A fight against evil or a fight for attention?
Two hot issues are making the rounds. First, Debian and Firefox are having a spat, and the end result may be that Debian will distribute Firefox under a different name. Second, the war betwen Linus Torvalds and other Kernel developers and the Free Software Foundation over GPLv3 is continuing, with Torvalds saying he's fed up with the FSF. Here is my take on both, and related issues.
Defining our terms
First, let me tell you a little about evil. Lies are evil. Greed is evil. When the attempt to satisfy one's own desire for power and/or wealth prohibits others from engaging in perfectly ethical practices, that is evil.
Based on these descriptions of some evils, commercial software is not evil. Proprietary software is not evil. Open source is not evil. Not even DRM is evil. Evil people use some of these things for evil purposes.
Proprietary software, itself, isn't evil. We're used to thinking of proprietary software as evil because of the way it has been abused, mostly by companies like Microsoft, though Microsoft is certainly not the only offender. Granted, it is also a bad thing if you buy proprietary software and it is discontinued. This may leave you in a position where you have no way to support it. But this latter problem doesn't stem from evil intent. It's just a circumstantial inconvience that you could have avoided if you chose an open source product instead.
I hate DRM with a passion, but not even DRM is evil. What if you could take a DRM-protected song and do anything you want with it except sell copies of it or make it publicly available? You could make as many copies as you want, and store these copies on virtually any device or media. You could transcode it into any format you want. In other words, the DRM would not restrict your fair use in any way. It would only prevent you from doing something illegal or unethical.
I don't see how it would be possible to implement this kind of DRM from a technical perspective. My point is simply that the supposed intent of DRM, which is to prevent illegal or unethical use of copyrighted material, is not evil. At best, DRM is an inconvenience. At worst, the motives of those who are promoting DRM are evil. There are implementations of DRM I would consider evil because they are attempts to satisfy someone's desire for power and wealth while prohibiting users from engaging in perfectly ethical practices like fair use. But DRM itself is not evil.

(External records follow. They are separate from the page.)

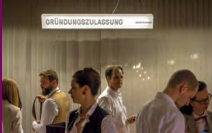
Prinzip Gonzo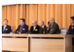
Konferencja naukowa "Dwujęzyczni pisarze polscy i litewscy. Zagadnienia bilingwizmu w kulturze polskiej i litewskiej. Literatura - kultura - język"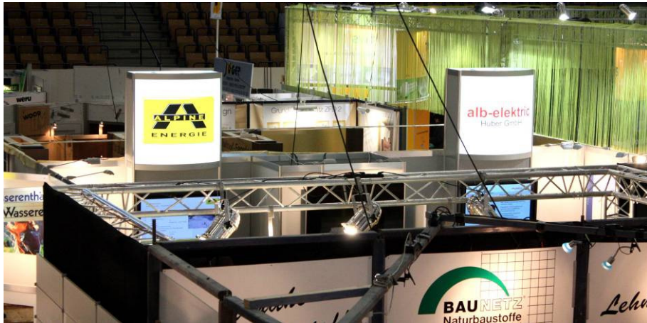
Abbildung 4: Der Stand war nicht zu übersehen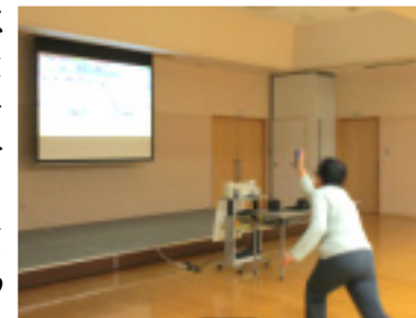
画面を見ながらのボウリング。

11月16日(木)、上井コミュニティセンターで「e-スポーツ体験会」が開催され、コンピューターゲームでボウリングを楽しみました。初めてでも、操作に慣れるとストライクが出るよう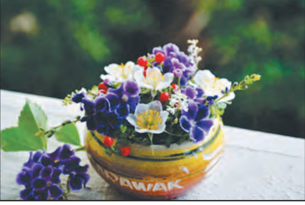
आकृती ८.३ (फ) अल्पाकृती पुष्परचना

Proprietary software, DRM, and other things I listed above are more or less easy to exploit for evil behavior. Don't think for a moment that open source is immune. The LGPL invites evil behavior. I can sell a proprietary application that links LGPL libraries. According to the LGPL, I can profit from the work of those who created and maintain the LGPL libraries I used, but I do not have to share my source code or my profits with them. In fact, I can choose not to compensate the community in any way. That's greed, and it's evil. But it is the greed and the abuse of the LGPL that is evil, not the LGPL itself.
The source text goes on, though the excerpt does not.